Events from the year 2002 in the European Union.

==Incumbents==
- Commission President — Romano Prodi
- Council Presidency — Spain (January–June), Denmark (July–December)
- Parliament President — Nicole Fontaine (until 15 January), Pat Cox
- High Representative — Javier Solana

==Events==
- 1 January -
  - Spain takes over the Presidency of the European Union.
  - Euro notes and coins issued are in Austria, Belgium, France, Finland, Germany, Greece, Ireland, Italy, Luxembourg, the Netherlands, Portugal and Spain.
- 15 January - Irish MEP Pat Cox is elected President of the European Parliament.
- 28 February - The Euro becomes the sole legal tender in all 12 Eurozone countries.
- 21 April – first round of the presidential election: Jacques Chirac and Jean-Marie le Pen poll the most votes. This was a major political event, both nationally and internationally, as it was the first time someone like Le Pen with such far-right views had qualified for the second round of a French presidential election. Two weeks of demonstrations against the National Front follow.

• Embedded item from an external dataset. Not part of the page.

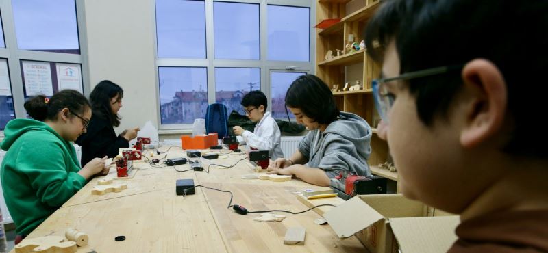 BİLSEM'ler bünyesinde bu yıl faaliyete başlayan ahşap tasarım atölyesinde öğrenciler ahşabı tanıyarak doğal ürünlerle temas etme imkânı buluyor.

- 5 May – second round of the presidential election. Jacques Chirac returns for a second term as President of the French Republic.
- 31 May - All 15 member nations of the European Union ratify the Kyoto Protocol, committing to an 8% cut in carbon dioxide emissions between 2008 and 2012 compared to 1990 levels.
- 1 July - Denmark takes over the Presidency of the European Union.
- 19 October - In a second referendum, the electorate of Ireland votes in favour of ratifying the Treaty of Nice.
- November - The European Christian Political Party (ECPP), a European political party is founded in Lakitelek, Hungary.